Diarrhea (liquid stool)

  1. Direct everyone to leave all pools into which water containing the feces is circulated. Do not allow anyone to enter the contaminated pool(s) until all decontamination procedures are completed.

  2. Remove as much of the fecal material as possible using a net or scoop and dispose of it in a sanitary manner. Clean and disinfect the net or scoop (e.g. after cleaning, leave the net or scoop immersed in the pool during disinfection). Do not vacuum stool from the pool.
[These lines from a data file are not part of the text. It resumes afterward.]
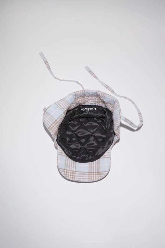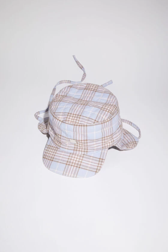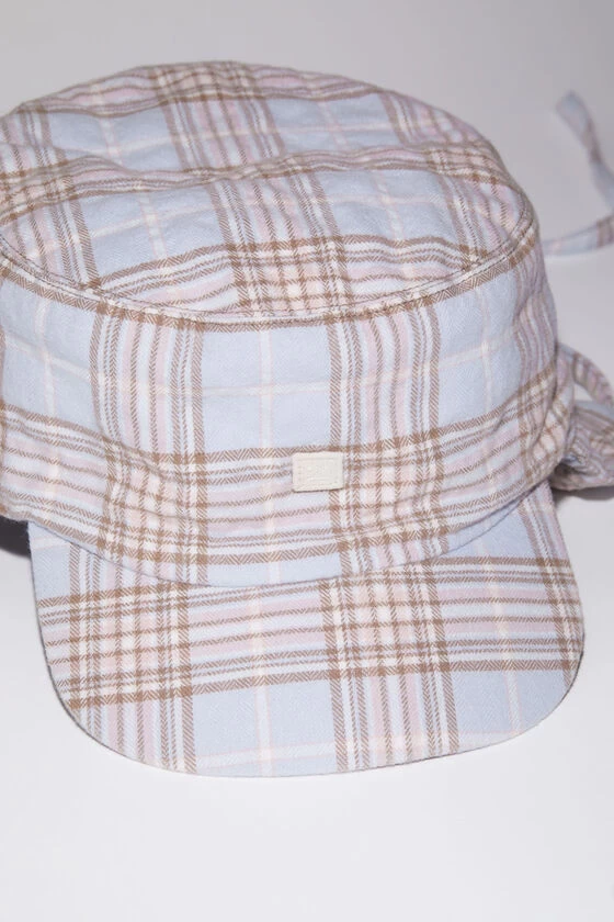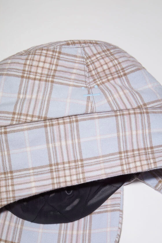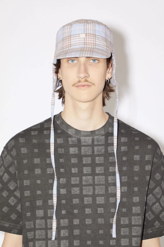 Acne Studios light blue/pink trapper hat features a check pattern and a face logo embroidery. Detailed with a flat brim, ear flaps with ties and crafted from seersucker soft fabric, made of cotton.
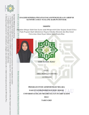 DIRA FEBRIA YUDISTIRA (2026) ANALISIS KINERJA PEGAWAI DALAM PENGELOLAAN ARSIP DI KANTOR CAMAT TUALANG KABUPATEN SIAK. Skripsi thesis, Universitas Islam Negeri Sultan Syarif Kasim.
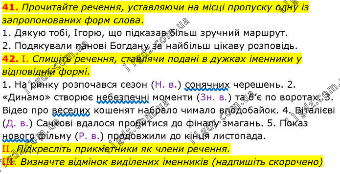 41. Прочитайте речення, уставляючи на місці пропуску одну із запропонованих форм слова. 1. Дякую тобі, Ігорю, що підказав більш зручний маршрут. 2. Подякували панові Богдану за найбільш цікаву розповідь. 42. І. Спишіть речення, ставлячи подані в дужках іменники у відповідній формі. 1. На ринку розпочався сезон (Н. в.) сонячних черешень. 2. «Динамо» створює небезпечні моменти (Зн. в.) та б’є по воротах. 3. Відео про веселих кошенят набрало чимало вподобайок. 4. Віталієві (Д. в.) Сачкові вдалося пробитися до фіналу змагань. 5. Показ нового фільму (Р. в.) продовжили до кінця листопада. II. Підкресліть прикметники як члени речення. III. Визначте відмінок виділених іменників (надпишіть скорочено)
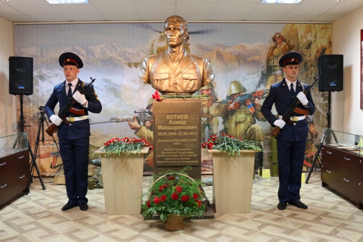 Общество1 июля в Рязани в Академии Федеральной службы исполнения наказаний прошло торжественное открытие бюста Герою Российской Федерации Ахмеду Котиеву, уроженцу Ингушетии и выпускнику рязанской высшей школы МВД СССР. А. Котиев с апреля 2011 года занимал должность секретаря Совета безопасности Республики Ингушетия, а в сентябре того же года был назначен заместителем председателя комиссии по оказанию содействия в адаптации к мирной жизни лицам, решившим прекратить террористическую деятельность на территории республики Ингушетия. В результате его работы из бандитского подполья к мирной жизни вернулись более 60 человек. 27 августа 2013 года автомобиль А. Котиева попал под обстрел боевиков, от полученных ран он скончался на месте. Ему было 52 года. Посмертно удостоен высокого звания Героя Российской Федерации. Бюст положил начало созданию музейной экспозиции в Академии, посвящённой выпускникам, погибшим при исполнении служебного долга.
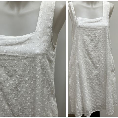 Crafted from a luxurious linen-cotton blend and intricate white anglaise fabric, this dress is fully lined to the hem for a premium feel.
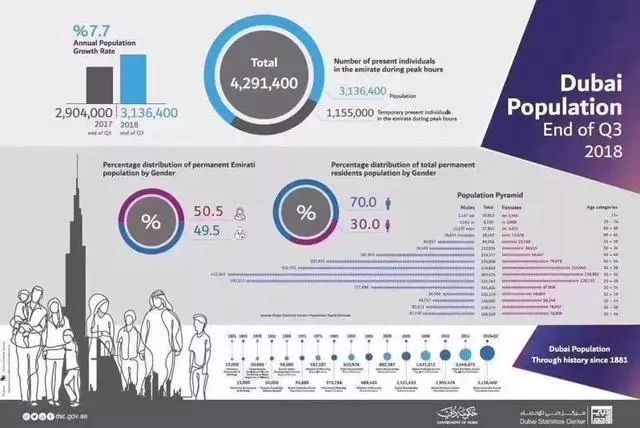 據迪拜統計中心(DSC)的統計數據顯示,迪拜的常住人口現在為313萬6400人,而酋長國的“白天流動”人口為429萬1400人。當然這個數字考慮了非居民和臨時迪拜居民,例如休閑和度假的人。
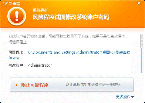 圖6.金山毒霸攔截病毒修改系統(tǒng)賬戶和密碼
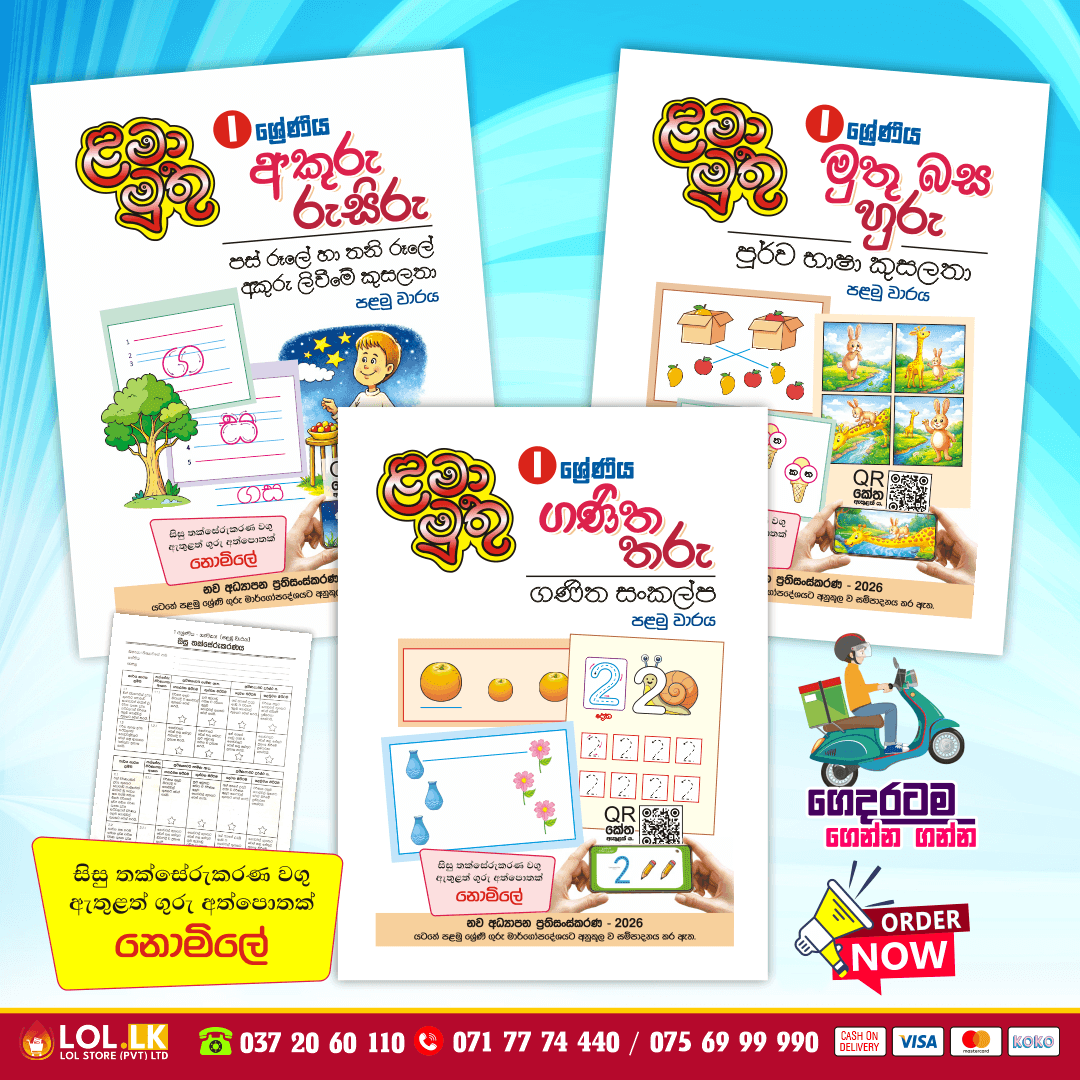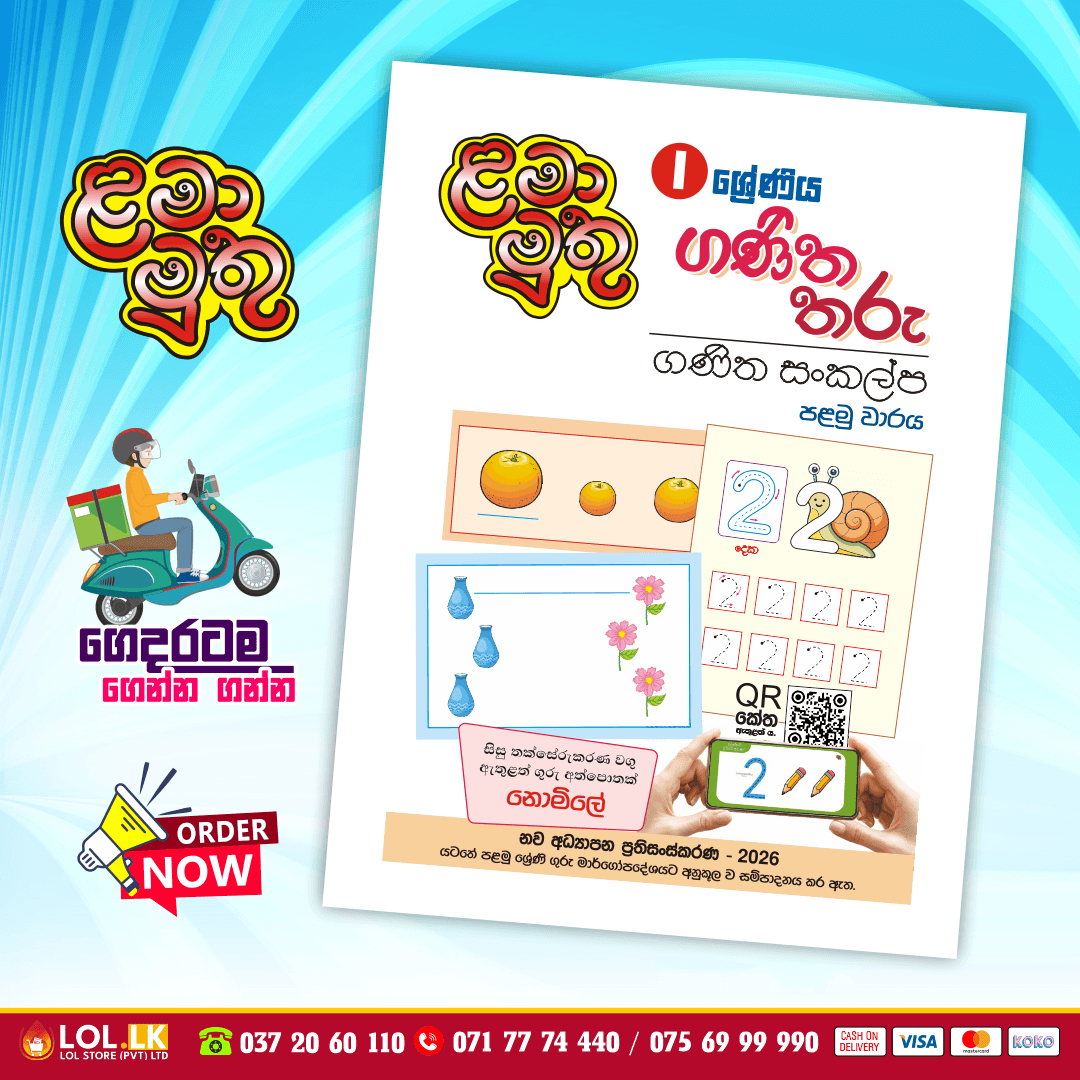 Buy Grade 01 Ganitha Tharu Workbook for Sinhala Medium students (Lama Muthu Publication). 1 ශ්රේණිය 2026 නව අධ්යාපන ප්රතිසංස්කරණ යටතේ පළමු ශ්රේණියේ ගුරු මාර්ගෝපදේශයට අනුකූලව සම්පාදනය කළ ප්රතිපෝෂණ මොඩියුල පෙළෙහි ගණිත තරු වැඩපොත ගණිත සංකල්ප ඇතුලත් කර සකස් කර ඇත. මේ සමග සිසු තක්සේරුකරණ වගු ඇතුළත් ගුරු අත්පොතක් නොමිලේ.
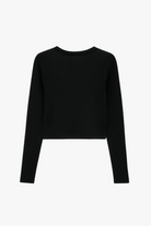 A polished women’s ribbed button-front long sleeve top in black. Cut in a cropped, slim silhouette with an off-center placket and soft stretch knit for all-day comfort and clean layering. Style it buttoned up or slightly open for easy polish.
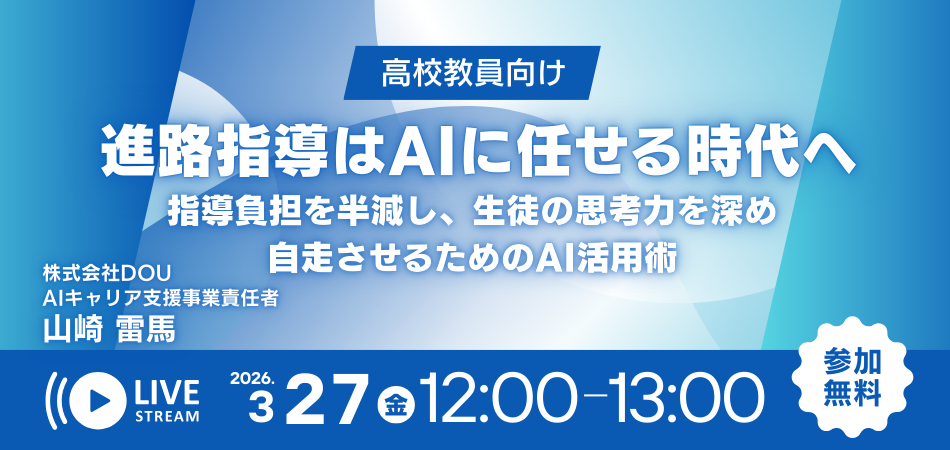 DOUは、高校教員向けウェビナー「進路指導はAIに任せる時代へ ― 指導負担を半減し、生徒の思考力を深め自走させるAI活用術」を、3月27日に開催する。
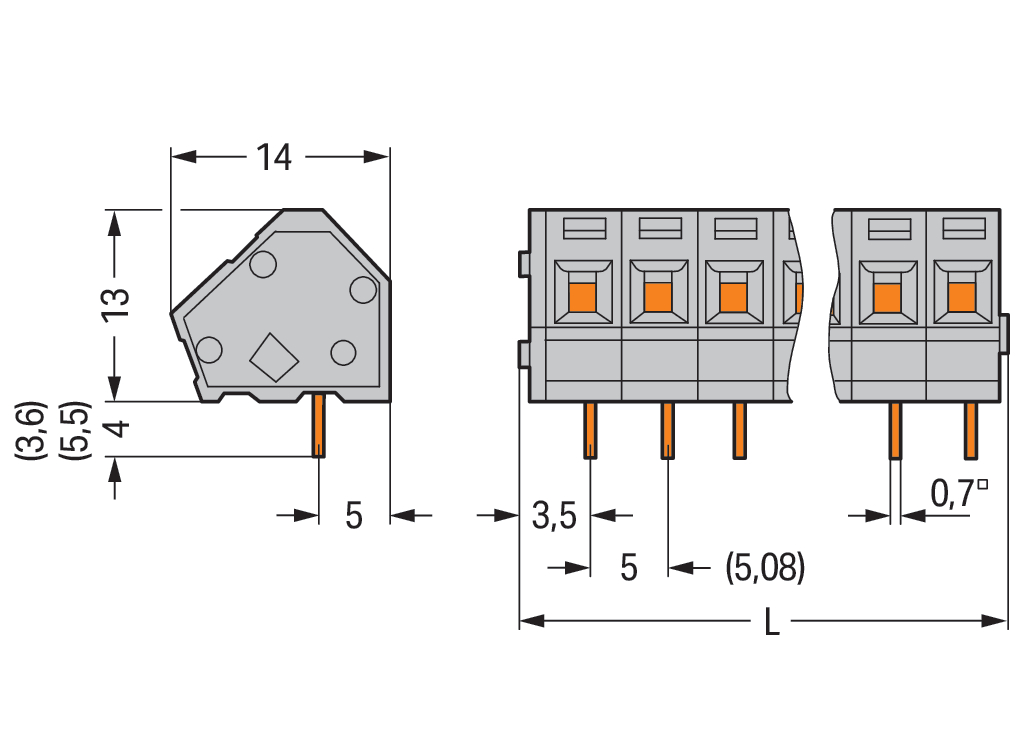 Złączka do płytek drukowanych 2,5 mm² RM 5/5,08 mm 7-bieg, szara 236-107
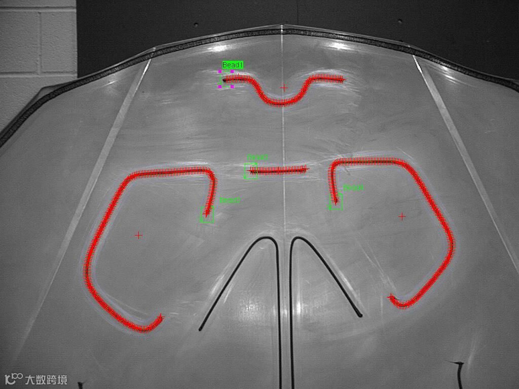 汽车的发动机罩壳在封装之前需要在周围涂上一圈密封胶,密封胶必须要均匀、 连续的,不能动开,需要对罩壳上的密封胶全部检测。
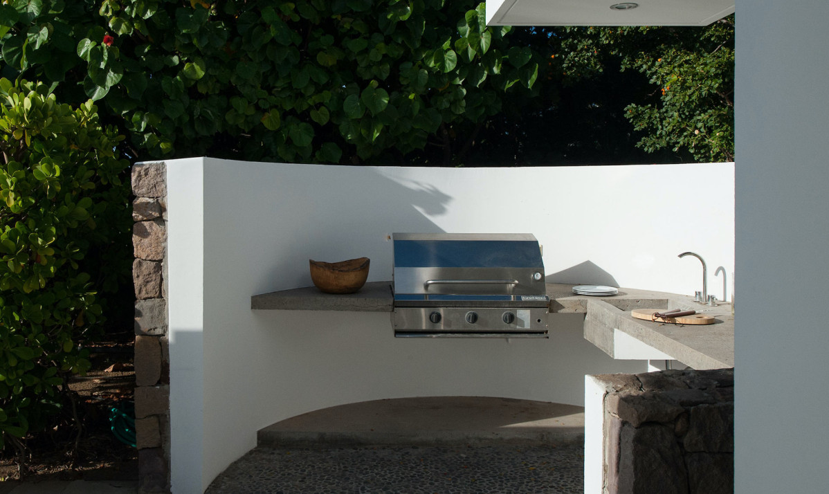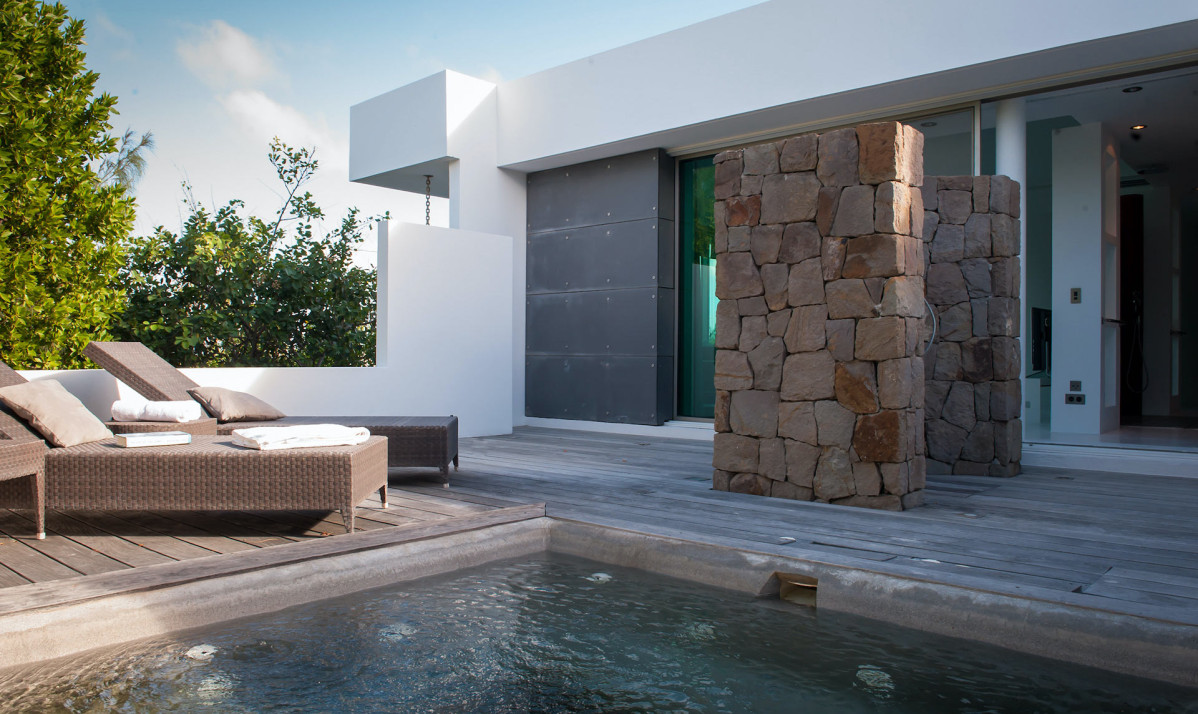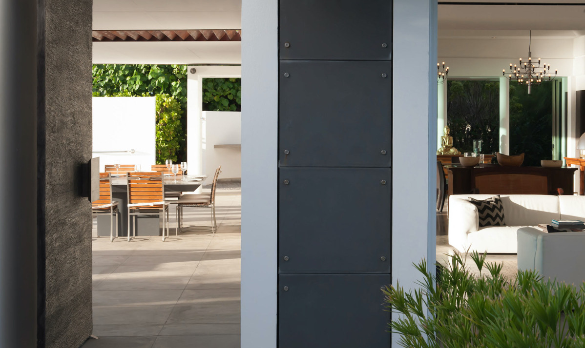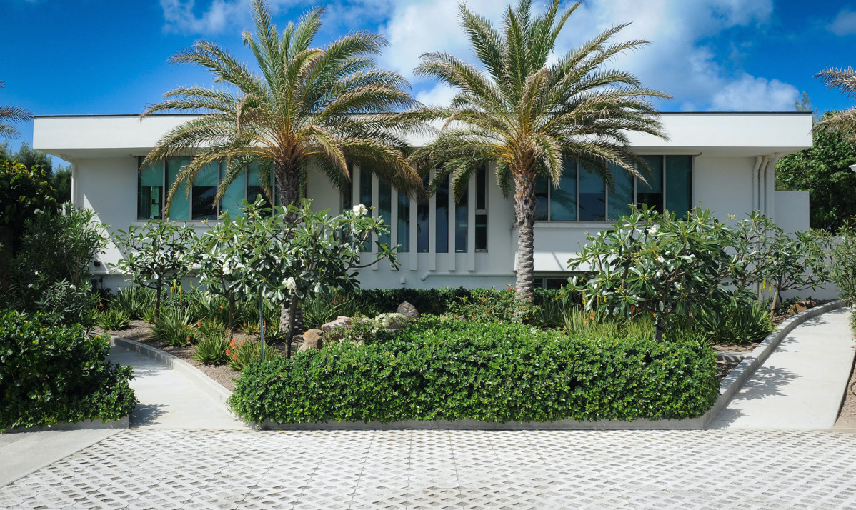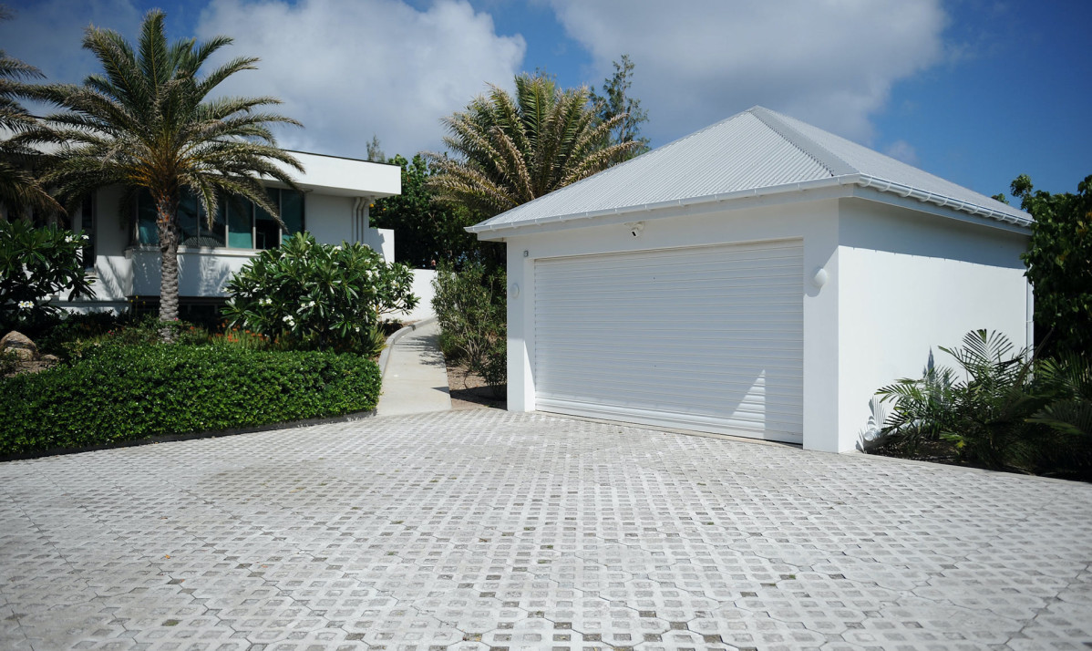 The exterior of the property features a sleek, modern design surrounded by lush tropical landscaping. Perched on the Pointe Milou ridge, it offers breathtaking ocean views from expansive terraces. The exterior includes two heated pools, one pool on main level and second pool slightly lower with spacious decks, perfect for relaxing or entertaining. Shaded lounge areas and an alfresco dining space create seamless indoor-outdoor living. The villa's gated entry and ample parking ensure privacy and security, making it an ideal retreat. Whether enjoying the sunrise or Caribbean sunsets, the villa's thoughtfully designed exterior promises a serene and exclusive island experience.

  3. Raise the free available chlorine concentration to 20 ppm and maintain the pH between 7.2 and 7.5. Ensure this concentration is found throughout all co-circulating pools by sampling at least three widely spaced locations away from return water outlets. This chlorine and pH level should be sufficient to inactivate Cryptosporidium and should be maintained for at least 8 hours, equivalent to a CT inactivation value of 15,300. A higher or lower free available chlorine level/inactivation time can be used as long as a CT inactivation value equaling 15,300 is maintained for Cryptosporidium inactivation. If necessary, consult an aquatics professional to determine and identify the feasibility, practical methods, and safety considerations before attempting the hyperchlorination of any pool. † CT refers to concentration (C) of free available chlorine in ppm multiplied by time (T) in minutes. If pool operators want to use a different chlorine concentration or inactivation time, they need to ensure that CT values always remain the same.

  4. Ensure that the filtration system is operating while the pool reaches and maintains the proper free available chlorine concentration during disinfection.
     

  5. Backwash the filter thoroughly after reaching the CT value. Be sure the effluent is discharged directly to waste and in accordance with state or local regulations. Do not return the backwash through the filter. Where appropriate, replace the filter media.
     

  6. Swimmers may be allowed into the pool after the required CT value has been achieved and the free available chlorine level has been returned to the normal operating range allowed by the state or local regulatory authority (at least 1 ppm). Maintain the free available chlorine concentration and pH at standard operating levels based on state or local regulations. If necessary, consult state orlocal regulatory authorities for recommendations on bringing the free available chlorine levels back to an acceptable operating range.

  7. Document each fecal accident by recording date and time of the event, formed stool ordiarrhea, free available chlorine concentration at the time or observation of the event and before opening the pool, the pH, the procedures followed to respond to the fecal accident (including the process used to increase free chlorine residual if necessary), and the contact time on the pool maintenance log.